Conceptually, ToT has several benefits as a method for general problem-solving with LMs: (1) Generality. IO, CoT, CoT-SC, and self-refinement can be seen as special cases of ToT (i.e. trees of limited depth and breadth; Figure 1). (2) Modularity. The base LM, as well as the thought decomposition, generation, evaluation, and search procedures can all be varied independently. (3) Adaptability. Different problem properties, LM capabilities, and resource constraints can be accommodated. (4) Convenience. No extra training is needed, just a pre-trained LM is sufficient. The next section will show how these conceptual benefits translate to strong empirical performance in different problems.
We propose three tasks that are hard even when sampling from the state-of-the-art language model, GPT-4 [23], using standard IO prompting or chain-of-thought (CoT) prompting. We show how deliberate search in trees of thoughts (ToT) produces better results, and more importantly, interesting and promising new ways to use language models to solve problems requiring search or planning.
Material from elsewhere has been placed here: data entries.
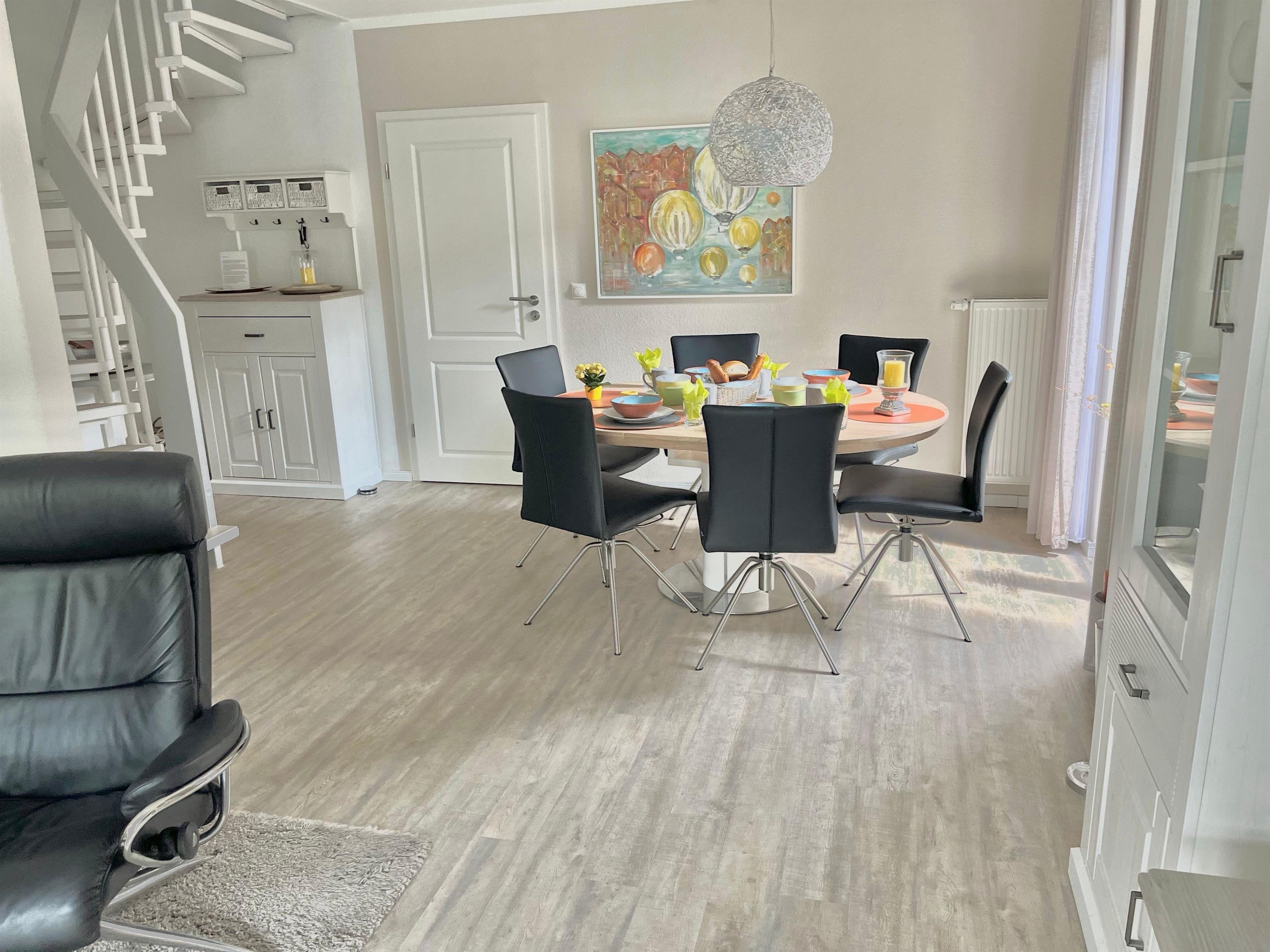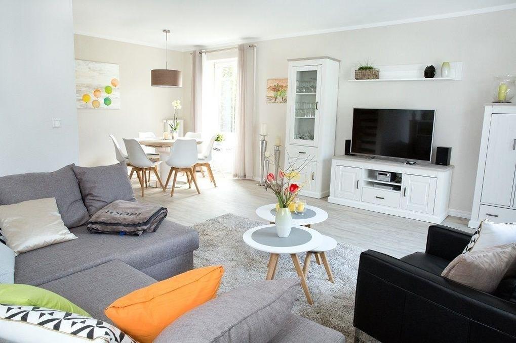 Es erwartet Sie ein großes Wohnzimmer mit Eßecke, TV, Blue-Ray-Player, HiFi-Kompaktanlage, sep. großzügige und mit allen Extras ausgestattete Küche, d. h. Induktionskochfeld, 4-Sterne-Kühlschr., Geschirrsp., Backofen, Mikrowelle, Kaffeemaschine, Padmaschine, Toaster, Wasserkocher, elek. Zitruspresse f. frischen O-Saft, Hand- u. Stabmixer, Waffeleisen etc.
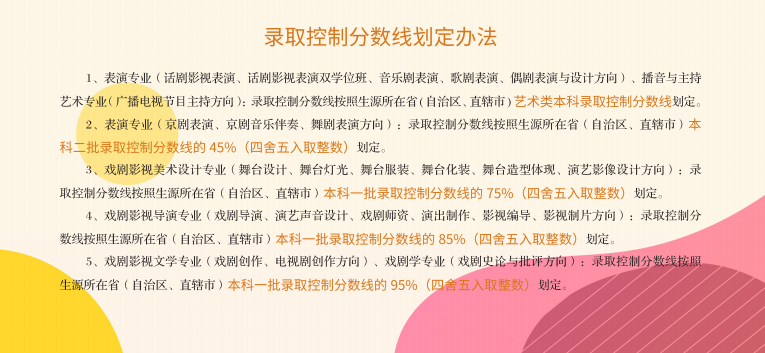 表演专业(话剧影视表演、音乐剧表演、京剧表演、京剧音乐伴奏、歌剧表演、舞剧表演方向);戏剧影视导演专业(戏剧导演、演艺声音设计、电影导演方向);播音与主持艺术专业(广播电视节目主持方向);戏剧影视美术设计专业(舞台设计、舞台灯光、舞台服装、舞台化装、舞台造型体现、舞台技术方向);戏剧影视文学专业(戏剧创作、电视剧创作方向);戏剧学专业(戏剧史论与批评方向);戏剧教育专业;艺术管理专业(演出制作、剧院管理、影视制片方向)。
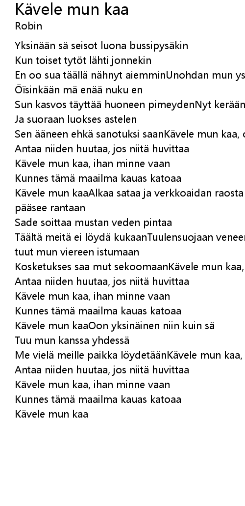 | Kävele mun kaaOon yksinäinen niin kuin sä | |

Unless otherwise stated, we perform experiments using a Chat Completion mode GPT-41 with a sampling temperature of 0.7.
Game of 24 is a mathematical reasoning challenge, where the goal is to use 4 numbers and basic arithmetic operations (+-*/) to obtain 24. For example, given input “4 9 10 13”, a solution output could be “(10 - 4) * (13 - 9) = 24”.
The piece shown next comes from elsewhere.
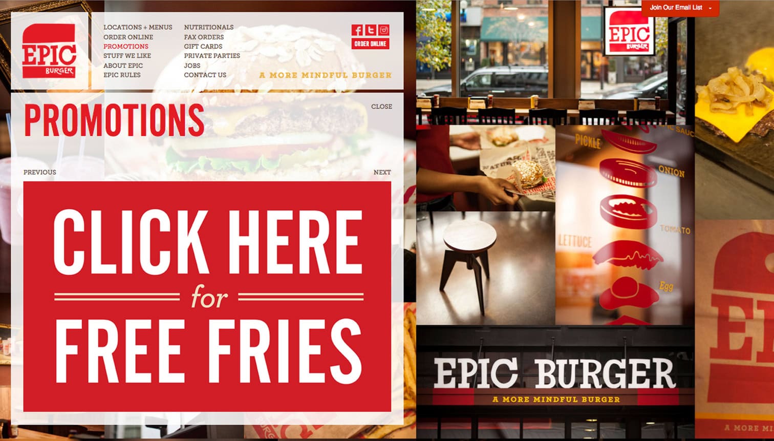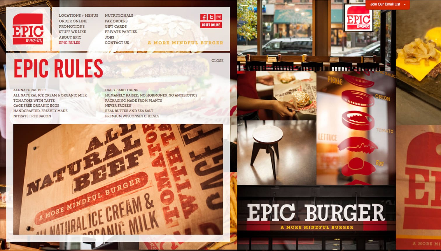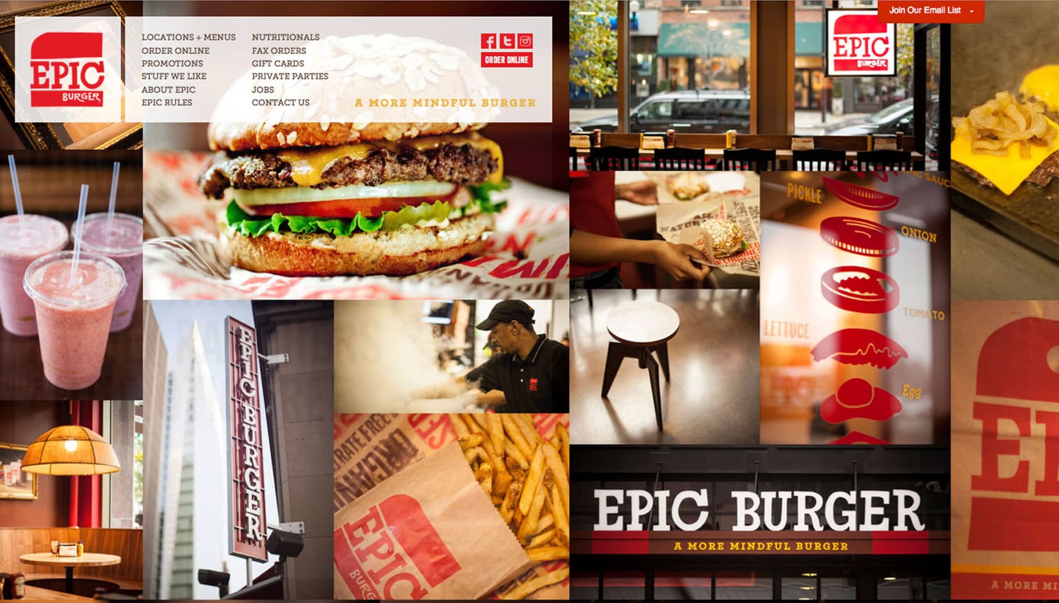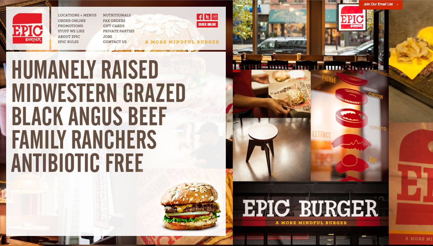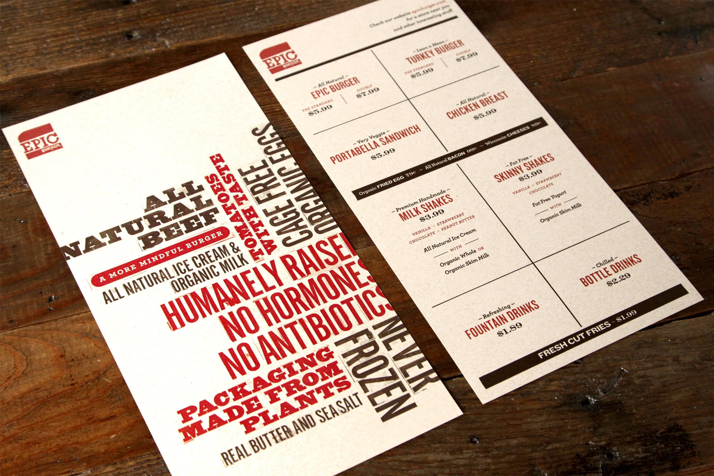 This fast casual burger chain features hand-crafted burgers, all-natural ingredients and eco-friendly takeout containers made from plants. Through an on-going partnership, G+A were stewards of the brand during Epic Burger’s first decade in business, designing every touchpoint of the restaurant’s brand experience, while maintaining the integrity of the founder’s vision.
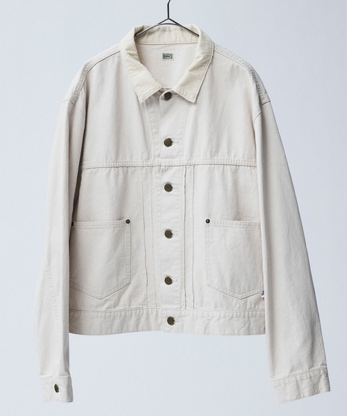 当時流行していたデニムジャケットをベースにバランスよくディティールを削ぎ落し、ワークウェアのアイテムによく見られるようなイメージで衿にコーデュロイを使用しています。

Figure 2: ToT in a game of 24. The LM is prompted for (a) thought generation and (b) valuation.
Task Setup. We scrape data from 4nums.com, which has 1,362 games that are sorted from easy to hard by human solving time, and use a subset of relatively hard games indexed 901-1,000 for testing. For each task, we consider the output as success if it is a valid equation that equals 24 and uses the input numbers each exactly once. We report the success rate across 100 games as the metric.
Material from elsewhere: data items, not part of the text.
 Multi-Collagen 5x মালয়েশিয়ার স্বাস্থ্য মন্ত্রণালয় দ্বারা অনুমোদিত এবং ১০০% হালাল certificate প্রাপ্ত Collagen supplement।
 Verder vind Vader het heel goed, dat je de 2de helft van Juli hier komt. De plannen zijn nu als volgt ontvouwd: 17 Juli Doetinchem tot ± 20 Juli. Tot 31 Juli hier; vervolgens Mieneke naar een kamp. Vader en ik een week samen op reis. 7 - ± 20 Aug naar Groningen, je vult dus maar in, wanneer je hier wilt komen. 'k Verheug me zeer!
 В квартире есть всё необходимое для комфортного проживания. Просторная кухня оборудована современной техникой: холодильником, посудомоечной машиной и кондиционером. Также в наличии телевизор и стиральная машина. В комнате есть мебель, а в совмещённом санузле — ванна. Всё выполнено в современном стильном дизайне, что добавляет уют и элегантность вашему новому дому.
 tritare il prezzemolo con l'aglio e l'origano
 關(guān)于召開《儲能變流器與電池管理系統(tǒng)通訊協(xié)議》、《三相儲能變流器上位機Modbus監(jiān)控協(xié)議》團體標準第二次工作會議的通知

Baselines. We use a standard input-output (IO) prompt with 5 in-context examples. For chain-of-thought (CoT) prompting, we augment each input-output pair with 3 intermediate equations, each operating on two remaining numbers. For example, given input “4 9 10 13”, the thoughts could be “13 - 9 = 4 (left: 4 4 10); 10 - 4 = 6 (left: 4 6); 4 * 6 = 24 (left: 24)”. For each game, we sample IO and CoT prompting for 100 times for average performance. We also consider a CoT self-consistency baseline, which takes the majority output from 100 CoT samples, and an iterative-refine approach on top of an IO sample for at most 10 iterations. At each iteration, the LM is conditioned on all previous history to “reflect on your mistakes and generate a refined answer” if the output is incorrect. Note that it uses groundtruth feedback signals about equation correctness.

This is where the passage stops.